*WHAT THE TASK REQUIRES*: Copy from the first line below down to and including the line with "В этой спальне". Skip the pictures.
========
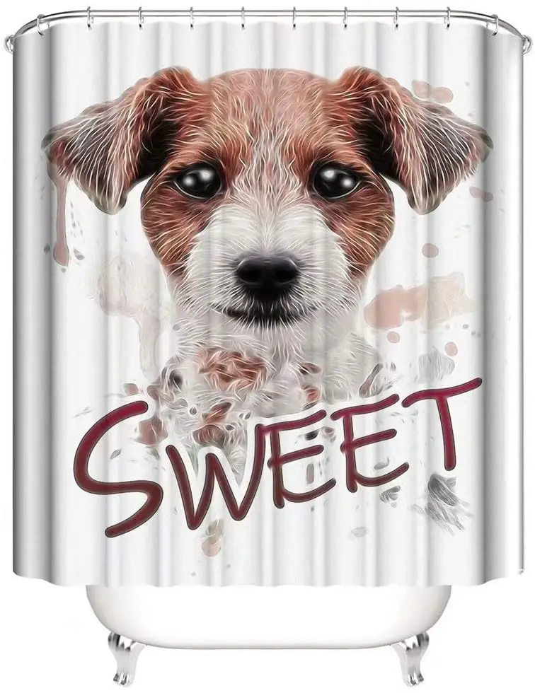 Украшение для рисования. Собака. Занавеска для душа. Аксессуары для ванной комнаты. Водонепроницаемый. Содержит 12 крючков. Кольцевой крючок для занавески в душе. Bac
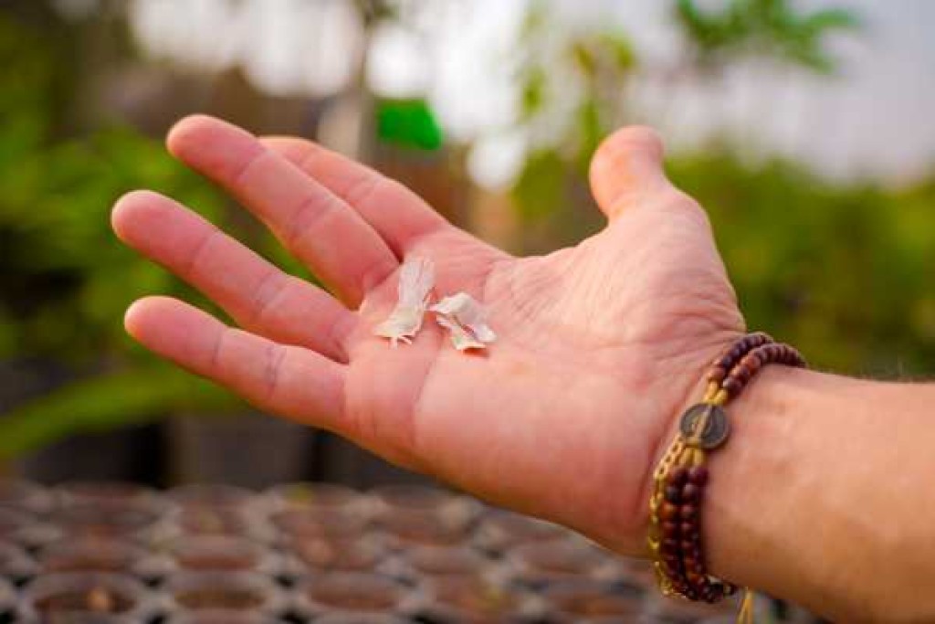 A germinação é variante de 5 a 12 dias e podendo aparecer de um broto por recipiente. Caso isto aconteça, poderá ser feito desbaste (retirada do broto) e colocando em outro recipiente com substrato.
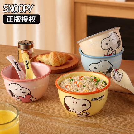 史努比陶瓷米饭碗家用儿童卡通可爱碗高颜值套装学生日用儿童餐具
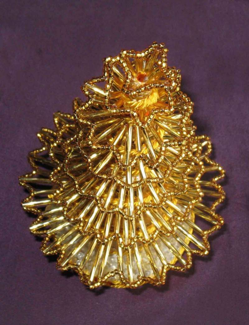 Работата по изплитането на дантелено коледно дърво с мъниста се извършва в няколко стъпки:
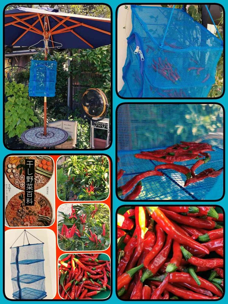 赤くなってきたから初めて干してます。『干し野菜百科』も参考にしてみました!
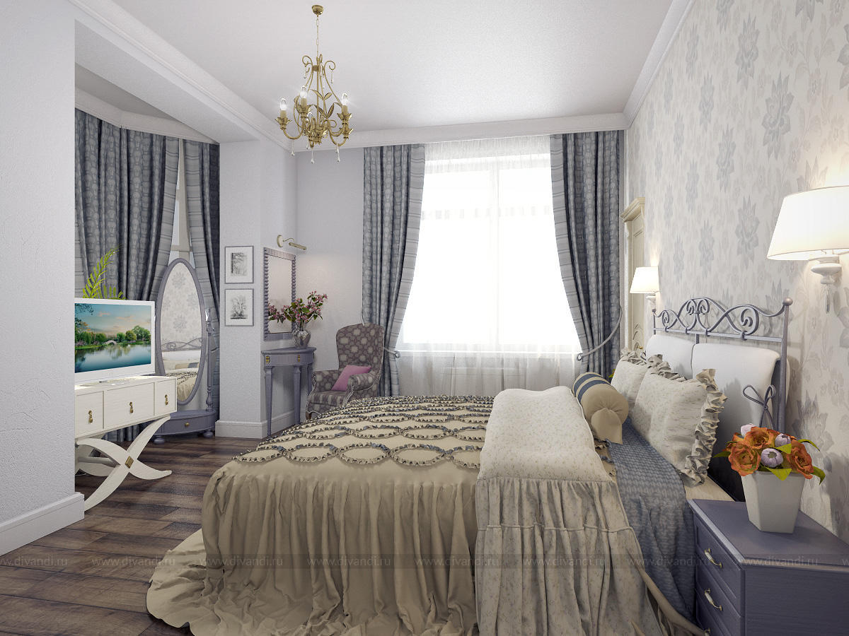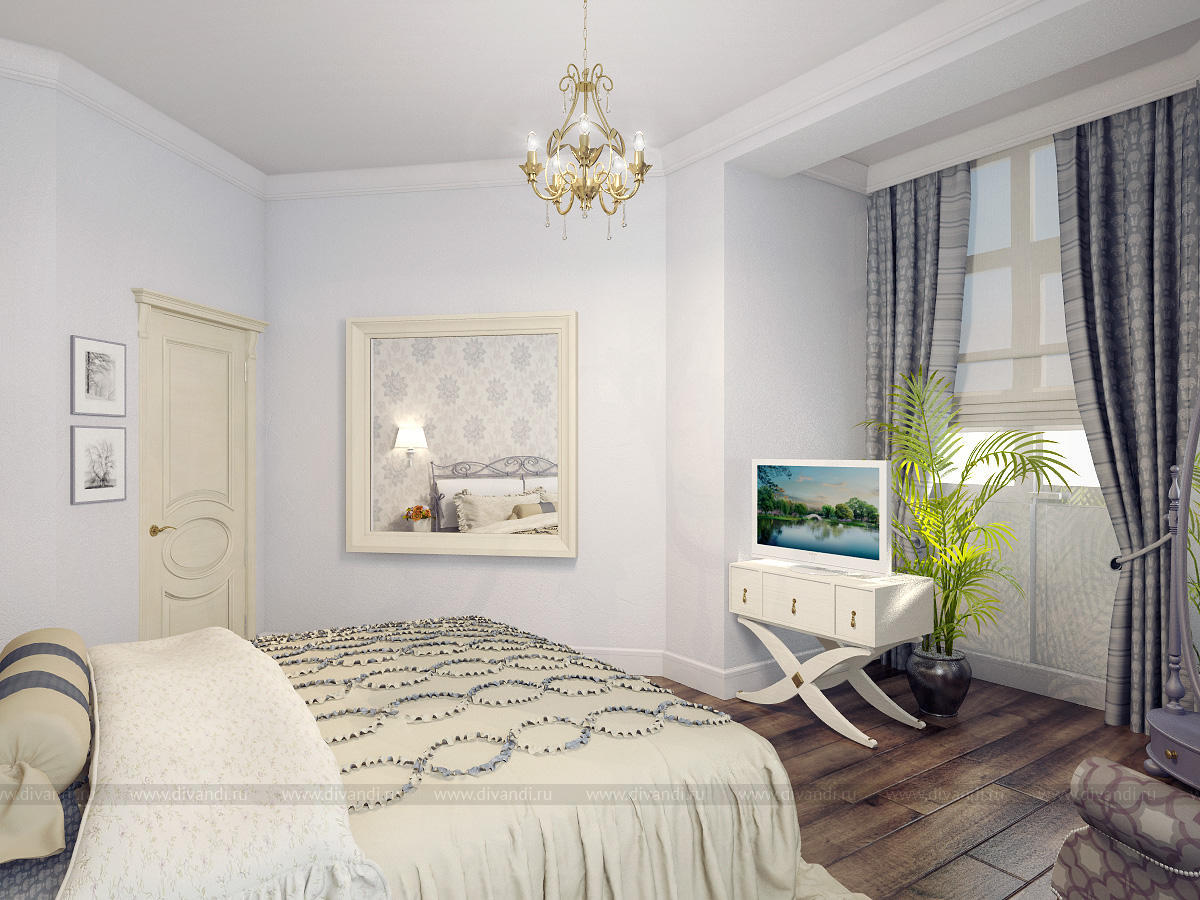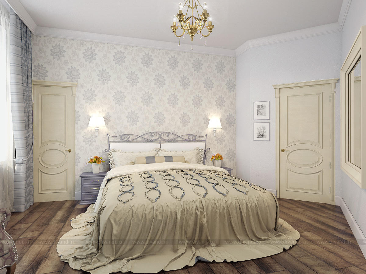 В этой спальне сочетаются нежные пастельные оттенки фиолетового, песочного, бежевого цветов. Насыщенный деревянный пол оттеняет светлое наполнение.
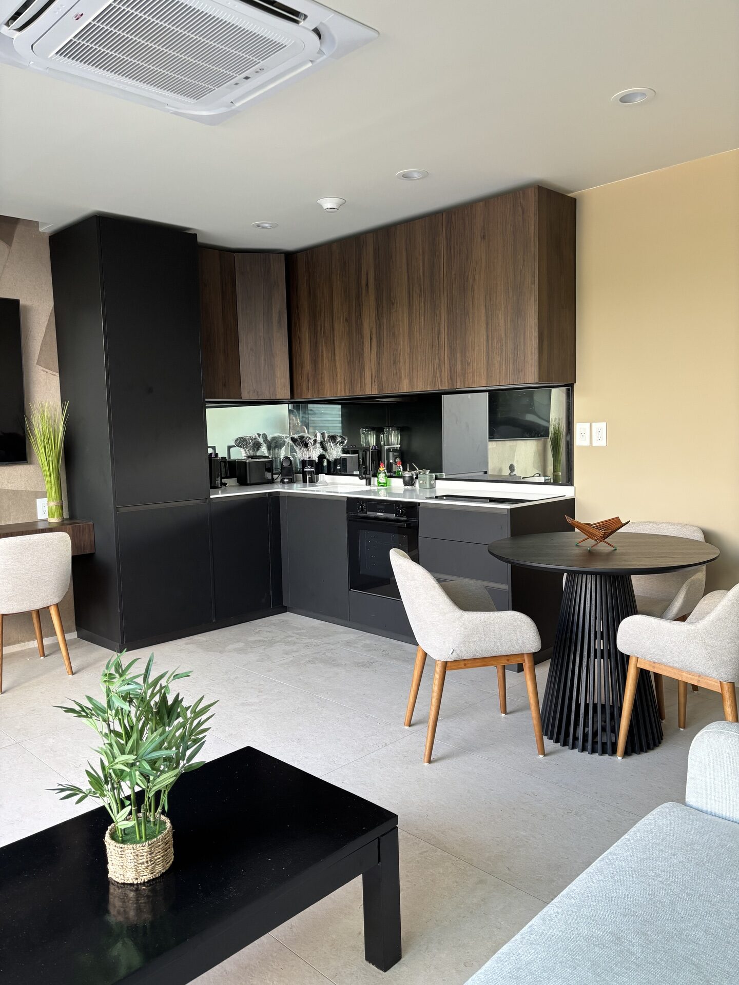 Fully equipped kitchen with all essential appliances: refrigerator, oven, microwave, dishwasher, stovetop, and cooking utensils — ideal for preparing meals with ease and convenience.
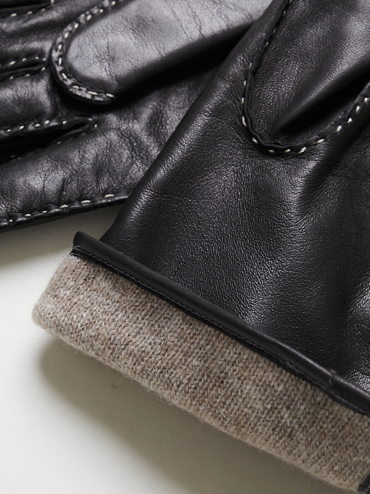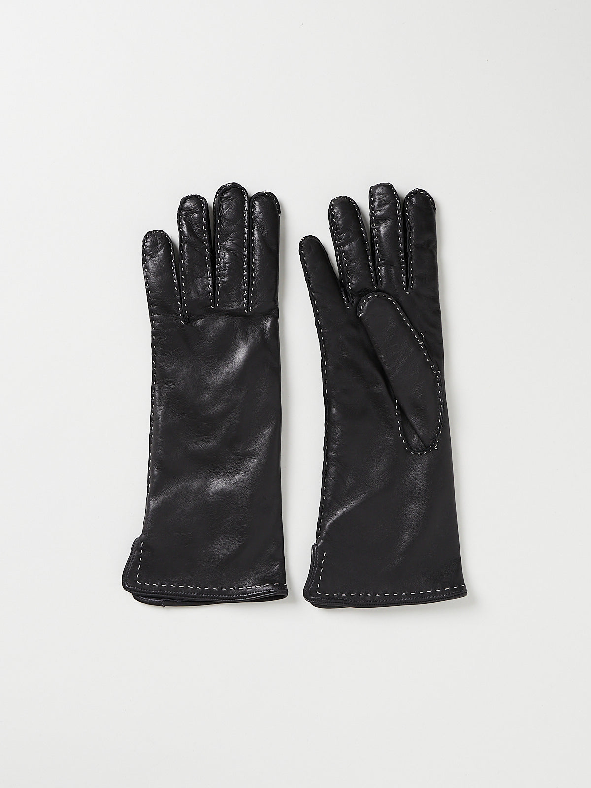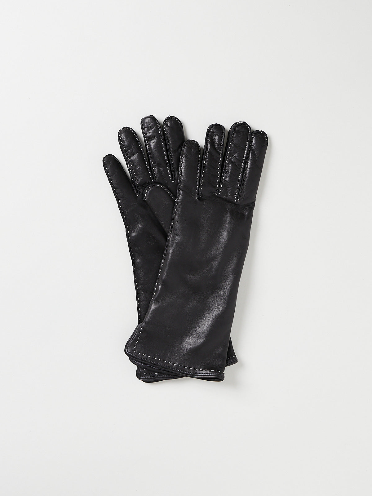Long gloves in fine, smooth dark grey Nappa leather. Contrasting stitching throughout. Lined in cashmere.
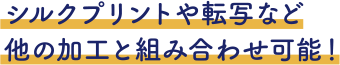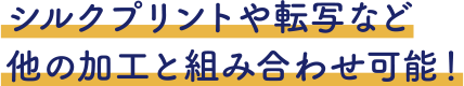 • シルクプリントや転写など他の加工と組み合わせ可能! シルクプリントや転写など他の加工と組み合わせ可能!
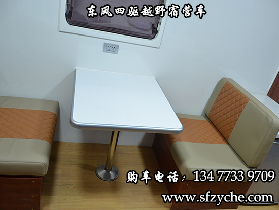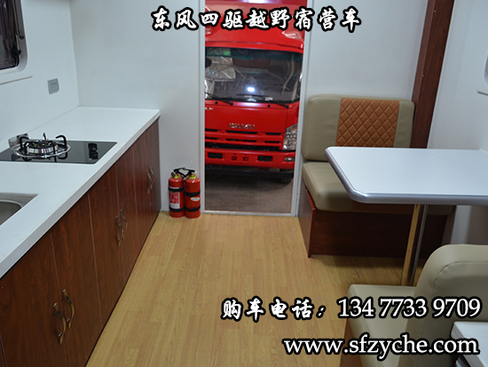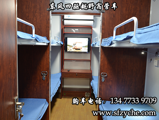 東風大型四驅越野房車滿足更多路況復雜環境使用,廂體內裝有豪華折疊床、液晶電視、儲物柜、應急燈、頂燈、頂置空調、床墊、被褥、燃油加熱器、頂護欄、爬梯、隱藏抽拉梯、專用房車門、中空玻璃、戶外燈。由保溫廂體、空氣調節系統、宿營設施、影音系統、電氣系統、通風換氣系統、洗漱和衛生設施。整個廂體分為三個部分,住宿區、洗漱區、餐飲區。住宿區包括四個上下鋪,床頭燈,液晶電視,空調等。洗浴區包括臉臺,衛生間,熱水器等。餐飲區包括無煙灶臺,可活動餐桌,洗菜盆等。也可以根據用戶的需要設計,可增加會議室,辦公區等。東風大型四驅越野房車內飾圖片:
========
*RESULT OF THE EXERCISE*:
 Украшение для рисования. Собака. Занавеска для душа. Аксессуары для ванной комнаты. Водонепроницаемый. Содержит 12 крючков. Кольцевой крючок для занавески в душе. Bac
 A germinação é variante de 5 a 12 dias e podendo aparecer de um broto por recipiente. Caso isto aconteça, poderá ser feito desbaste (retirada do broto) e colocando em outro recipiente com substrato.
 史努比陶瓷米饭碗家用儿童卡通可爱碗高颜值套装学生日用儿童餐具
 Работата по изплитането на дантелено коледно дърво с мъниста се извършва в няколко стъпки:
 赤くなってきたから初めて干してます。『干し野菜百科』も参考にしてみました!
 В этой спальне сочетаются нежные пастельные оттенки фиолетового, песочного, бежевого цветов. Насыщенный деревянный пол оттеняет светлое наполнение.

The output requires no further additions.